▶ [SOURCE DATA]:
=== Section Start ===

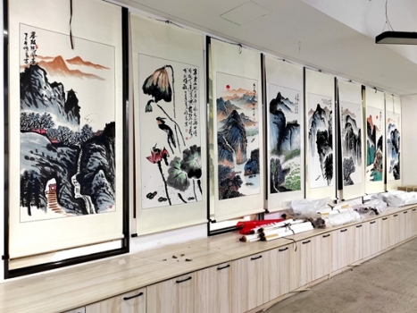 此次展覽共展出135幅國畫作品,涵蓋山水、花鳥、人物等題材。楊修良的50幅作品以雄渾蒼勁的筆法見長,其中14米巨幅山水《萬里山河盡春暉》尤為矚目。該作品歷時一年完成,以恢弘的構圖、豪放的筆墨和古樸的色彩,描繪了祖國山河的壯麗春色,令現場觀眾贊嘆不已。劉風山的30幅作品清新雅致,武建華的55幅畫作則充滿人文情懷,三人風格各異,共同呈現了傳統(tǒng)國畫的多元魅力。
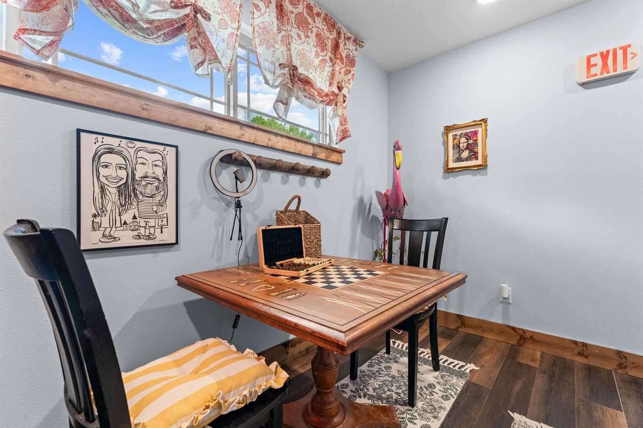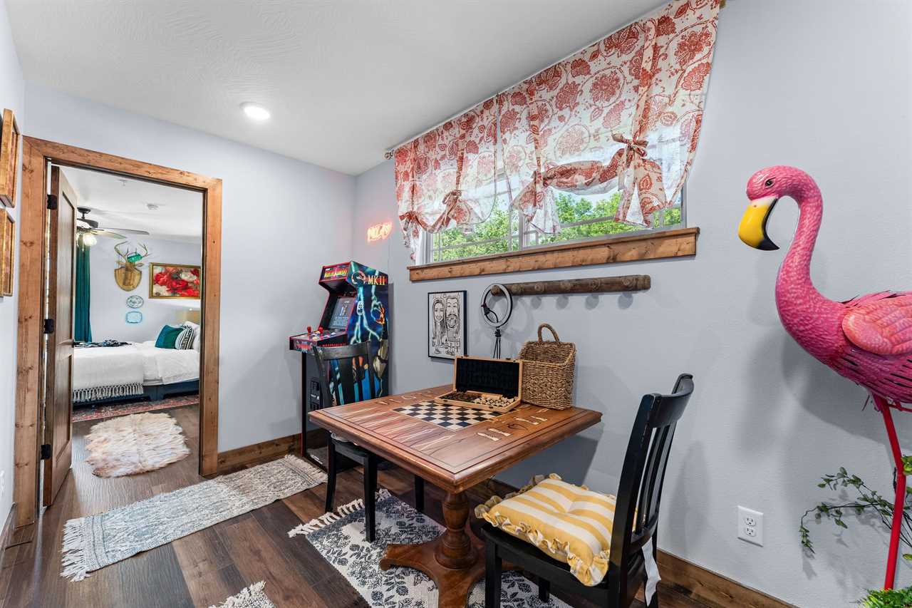 ✦ ✦ Counter seating plus checker/chess table for games and meals
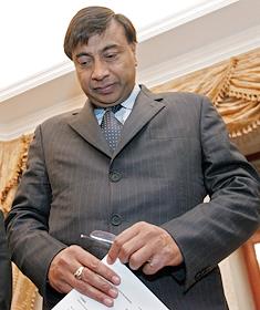 Владелец компании Mittal Steel Лакшми Миттал во время пресс-конференции.
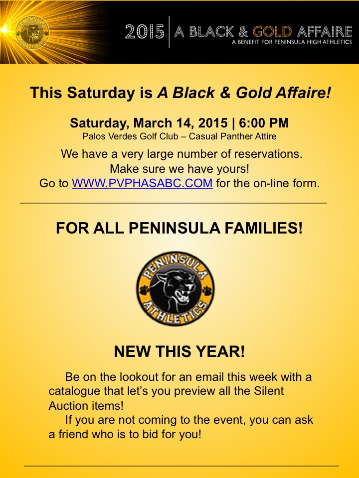 Thank you Peninsula High community for your support of this Saturday's Black and Gold Affaire. Your generosity is unbelievable and greatly appreciated by our student athletes. Thank you to all those who have worked so hard to make this year's event the "best ever." I am looking forward to a fun evening.
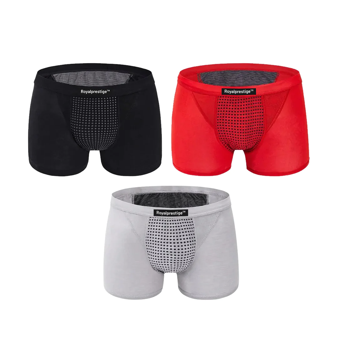 After the age of 50, over 65% of men struggle with prostate issuesIntroducing Royalprestige™ Prostate Magnetic Therapy Boxer Briefs, the ultimate tool for rejuvenating your prostate health. Using far-infrared fiber technology and 400 premium tourmaline coating points, this innovative boxer provides targeted magnetic therapy engineered to promote natural prostate health in a comfortable, safe, and effective manner.
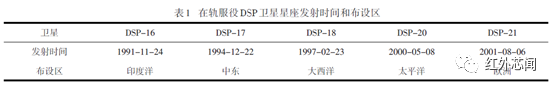 DSP衛(wèi)星星座布設(shè)在地球靜止軌道上,由5顆衛(wèi)星組成,4顆為工作星,1顆為備份星(以在必要時(shí)隨時(shí)替換)。DSP衛(wèi)星分布在全球各大洲上空,如表1所示。
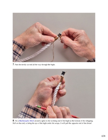 8. Tie a Marlinespike Hitch around a spike in the working end of the bight at the bottom of the whipping.
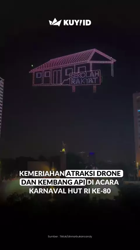 Yang semalem gak liat atraksi drone di acara karnaval HUT RI 80, nih bisa liat di sini!😍 Via: dinnarbukancandy #kuyid
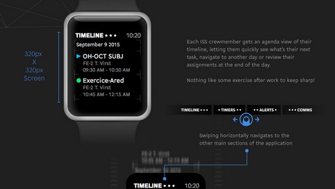 Just because I’m a space buff, tho’, it’s interesting to note that NASA did conduct a competition for a crowdsourced smartwatch app for astronauts. Here’s an image from the winning mockup:
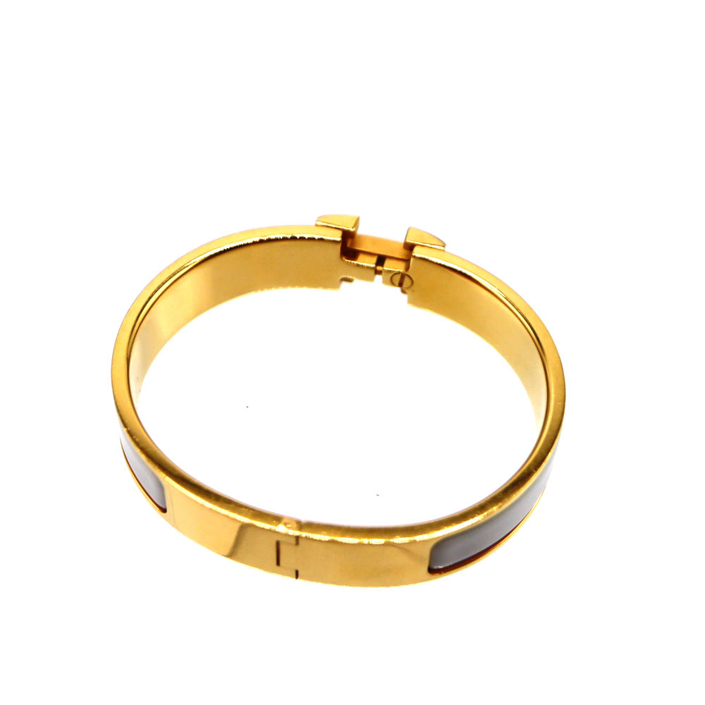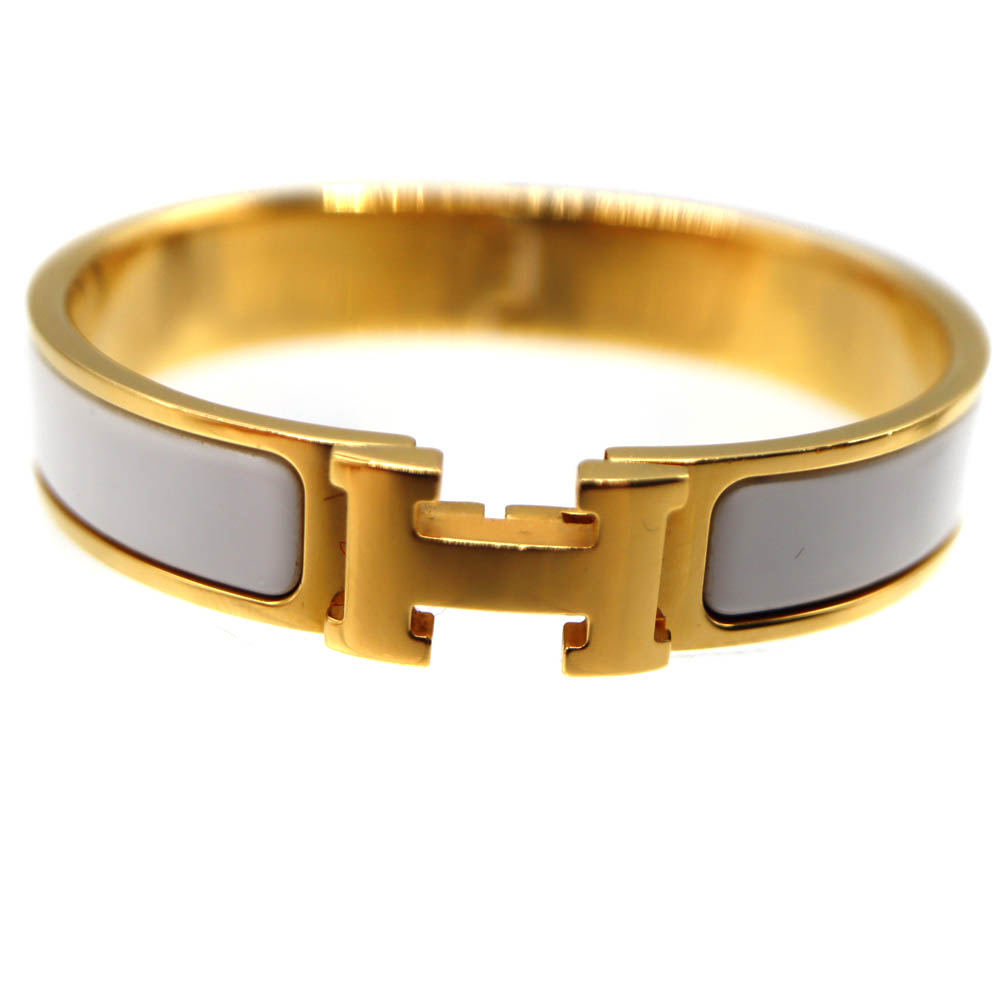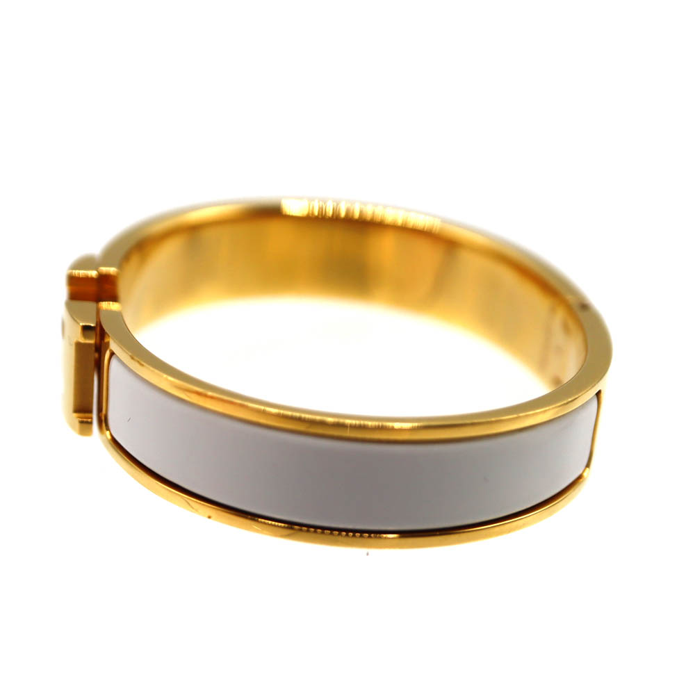 ホワイトカラーのエナメルにHモチーフのゴールド金具が映える、エルメスらしい洗練されたデザイン。
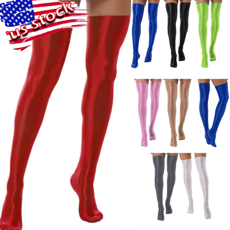 1 Pair Womens Glossy Thigh High Stockings Solid Color Stretchy Socks.

=== Section End ===

▶ [WHAT IS BEING ASKED]:
Leave the pictures out. Output exactly, and only, the lines from the one with "Yang semalem gak" through the last line of the listing above, both included.

▶ [FINAL ANSWER]:
 Yang semalem gak liat atraksi drone di acara karnaval HUT RI 80, nih bisa liat di sini!😍 Via: dinnarbukancandy #kuyid
 Just because I’m a space buff, tho’, it’s interesting to note that NASA did conduct a competition for a crowdsourced smartwatch app for astronauts. Here’s an image from the winning mockup:
 ホワイトカラーのエナメルにHモチーフのゴールド金具が映える、エルメスらしい洗練されたデザイン。
 1 Pair Womens Glossy Thigh High Stockings Solid Color Stretchy Socks.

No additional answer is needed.